A antropologia do consumo, ciência que começou a ser estudada na Inglaterra nos anos 60, vem explicando os impulsos de compra, especialmente aqueles dirigidos a objetos e serviços supérfluos. "O consumo é um elemento central de nossa sociedade e tem um caráter de diálogo fundamental", afirma Valéria Ravier, professora de antropologia e sociologia da Escola Superior de Propaganda e Marketing e Ph.D. em antropologia do consumo pela PUC de São Paulo. Comprar é participar de uma linguagem coletiva, significa identificar-se com certas tribos e diferenciar-se de outras, dizem os estudiosos. Ou seja, as pessoas buscam afirmação pessoal nas compras. A sensação agradável de comprar é potencializada pelos elogios que outras pessoas fazem às escolhas. "Se as pessoas forem elogiadas e valorizadas pela compra que fizeram, elas se sentirão recompensadas e felizes e vão continuar comprando", explica a psicóloga Maria Cristina Mastopietro, sócia da Sense, empresa especializada em pesquisar hábitos de consumo no Brasil e no mundo.

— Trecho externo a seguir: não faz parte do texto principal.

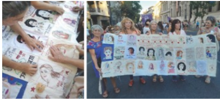
Figuras 1 y 2.

Bandera hecha de retratos bordados, archivo público de Bordando luchas de ayer y de hoy, 2023.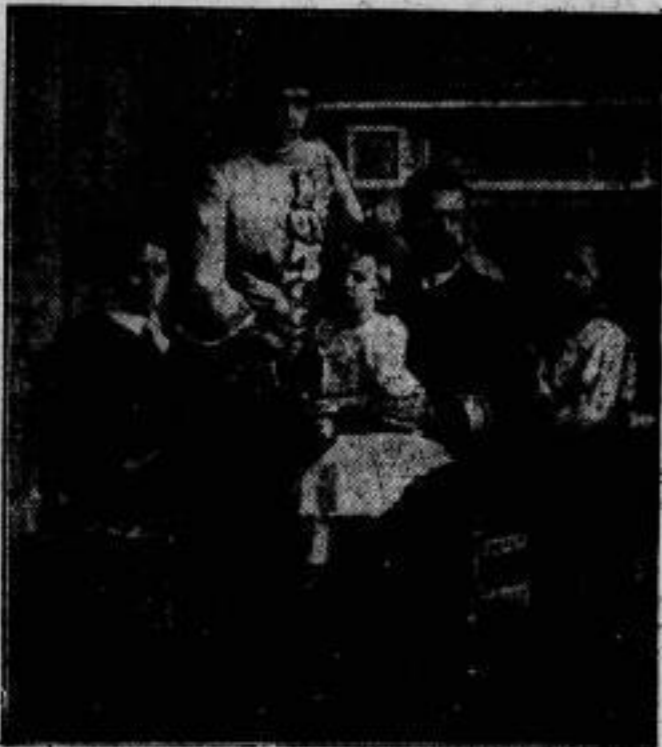
Sam Tage des Prinzen Heinrich von Preußen. Ein Bild aus vergangenen Tagen: Prinz Heinrich mit seiner Gemahlin, der Prinzessin Irene von Hessen und bei Rhein, und seinen Kindern, (von links) den Prinzen Waldemar, Heinrich und Sigismund.

Como todo marido sabe, criticar as compras da mulher é tensão na certa. Os especialistas explicam. Isso equivale a criticar o que elas têm de mais instintivo e pessoal. Equivale ainda a criticar a essência da mulher. Mesmo que as decisões de compra sejam daquela categoria que se pode classificar como instantânea. O Point of Purchase Advertising International (Popai), entidade dos Estados Unidos que estuda hábitos de consumo, aponta que 66% das decisões de compra são feitas na própria loja e em menos de cinco segundos depois de avistado o objeto do desejo instantâneo. No Brasil, segundo estudo do Programa de Administração de Varejo (Provar), da Universidade de São Paulo, cerca de 40% dos consumidores compram mais itens do que haviam planejado. "Os consumidores estão sempre imersos em emoções quando fazem qualquer tipo de compra", diz o consultor Troiano. "São raros os casos de pessoas que fazem compras de forma estritamente objetiva, como se elas fossem equações matemáticas."

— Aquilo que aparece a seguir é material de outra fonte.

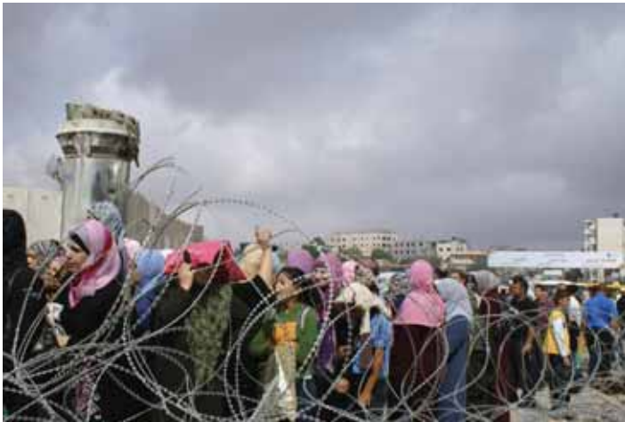
מתפללים פלסטינים מנסים להגיע לירושלים לתפילות יום השישי במהלך חודש הרמדאן

במהלך חודש הרמדאן השנה (1 - 29 בספטמבר) חל שיפור בניהול משטר היתרי הכניסה של מתפללים פלסטינים אשר ביקשו להתפלל במסגד אל אקצה שבירושלים, והדבר הוביל להורדת מפלס האלימות ולכך שיותר פלסטינים הורשו להשתתף בתפילות אלה, בהשוואה לשנים קודמות. עם זאת, גם השנה נמנעה הגישה של יותר מ-60% מהאוכלוסייה הפלסטינית שבקשה להתפלל במסגדים שבירושלים. הגישה של פלסטינים תושבי רצועת עזה נמנעה כליל וזו של בעלי תעודות זהות מהגדה המערבית הותרה כאמור באורח סלקטיבי כאמצעות משטר מיוחד של היתרים, המבוסס על גיל. משטר היתרים זה היה תקף למשך ארבעת ימי השישי של חודש הרמדאן.

Não por acaso, um dos maiores investimentos dos empresários se destina a pesquisas para entender a estrutura mental do consumidor. Claudio Czapski, superintendente da Associação ECR Brasil, entidade que reúne indústrias, varejo e integrantes da cadeia de abastecimento, diz que os grandes casos de sucesso são pontos-de-venda que envolvem o comprador num clima de lazer e entretenimento. O melhor exemplo são as lojas temáticas americanas, como as da Nike, Sony e Disney. Mas o ato de comprar está de tal forma imbricado nos mecanismos de prazer da natureza humana que mesmo as menores transações são satisfatórias. "Pesquisas qualitativas nos mostraram que existem mulheres que se sentem plenamente realizadas em comprar simples produtos de limpeza", conta Maria Cristina, da Sense. "Nesses casos, o prazer vem da valorização que ela terá por manter a casa limpinha e cheirosa."